Kindly recall that in the APC manifesto before the 2007 General Elections there was a promise that the Office of the Attorney General would be separated from that of the Cabinet minister of justice. More than eight years and after two elections, the situation remains the same.

When it comes to the tenets of democracy, the Judiciary is the most culpable as an agent of corruption.

The people of Constituency 005 and 015 can still not understand why a judge, an apology for all that is decent, one Showers cannot only rule against the opposition but took upon herself the role of the National Electoral Commissioner, one Christiana Thorpe, to declare the APC candidates as duly elected.

The two ballot thieves now sit in Parliament where they are supposed to represent the majority of constituents but are in reality there representing the ruling party that came a poor second to all contesting candidates.

There are other cases in which the Judiciary has become a weapon in the arsenal of the despot at State House.

Cases hatched against opposition supporters are mysteriously dropped should the accused declare membership of the ruling APC party. The Falley case is just one example.

One that takes the icing on the corruption cake to a higher level is that involving the Minority Leader of the House, one Bernadette Lahai.

This is an MP of the opposition SLPP who had been removed from that post by her Parliamentary colleagues. Yet she is still there because she now serves the cause of the ruling party, agreeing to any and all undemocratic moves by the ruling party.

It was the ruling party, we suspect that advised her to take the SLPP MPs to court where the Judiciary, true to its corrupt form slapped an injunction against any move that would see her legally removed from her position as Minority Leader.

Kindly recall what we wrote back then in 2014 while reminding all and sundry about January 6, 1999 -

"Treason, in our view, is not only the taking up of arms to replace a government that is voted into office in a free, fair and violence-free election, but treason charges can be laid against a President who having taken the oath of office to defend the constitution, deliberately and in a calculating manner goes against the key elements of that document that defines the position he holds.

His accomplices should include, among others the Chief Justice Umu Hawa Tejan-Jalloh, the Head of the Electoral Commission Christiana Thorpe and the Head of the Anti Corruption Commission Joseph Fitzgerald Kamara. These are the victims of state-sponsored brutality as APC thugs attacked the offices of the main opposition SLPP in 2009.

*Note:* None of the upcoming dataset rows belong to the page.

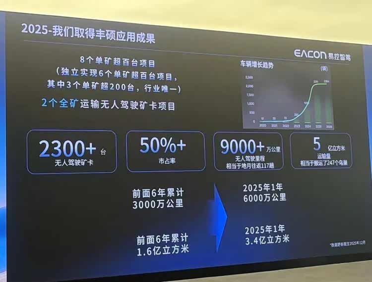 从2023年的接近300台,到2024年突破千台,再到2025年翻倍至两千台以上,易控智驾实现了矿山无人驾驶技术的规模化跨越。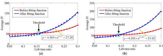 Figure 7. Average PI under different left-turn ratios. (a) Arrival rate is 0.07 pcu/s, (b) Arrival rate is 0.08 pcu/s.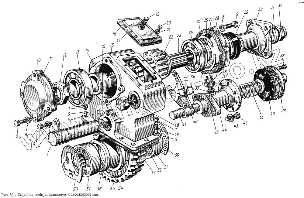 Каталог запасных частей к технике: ЗИЛ-131. Коробка отбора мощности односкоростная
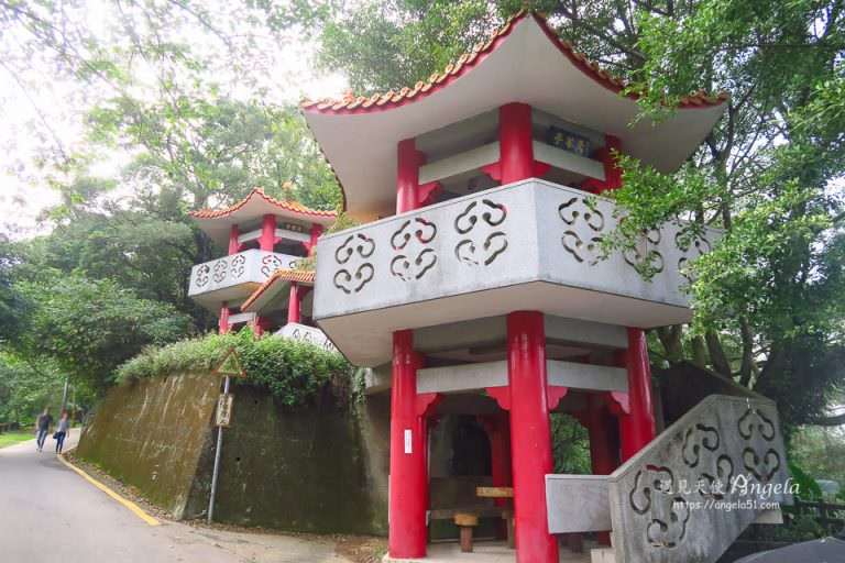 走過鳶山停車場,再往裡面的小徑走可以看到鳶山聖蹟牌坊,附近還有一個小涼亭。

These named officials know and are aware of their duty to the people of Sierra Leone as defined in the Constitution and other documents relating to the discharge of their duties, but have failed to do so. Instead they have become a part of a concerted plot against the people of Sierra Leone who are now forced to suffer further agony.

Thanks to a system orchestrated with the help of others still to be identified, where the rule of law has become almost non-existent unless you are a party activist or have direct connections to State House from where the smoke and mirrors President presides over the fate of the millions of poor and disadvantaged and unconnected Sierra Leoneans in their own God-given country."

Let us leave you with this observation from the final report of the TRC -

"The judiciary has not been independent for the past two decades. The executive arm of government was directly involved in the judicial processes, which invariably inhibited access to justice.

Backlog of cases became the order of the day as the courts became overcrowded with cases.

"Justice delayed is justice denied...People were held custody for long periods without trial. Most Magistrates and judges were accused of being notorious for bribe taking and were known to have adjudicated matters in favour of their clients.

The instruments and structures used by the judiciary were and are still obsolete. Most of the laws are not in consonant with international standards and therefore only protected the political aspiration of the ruling party."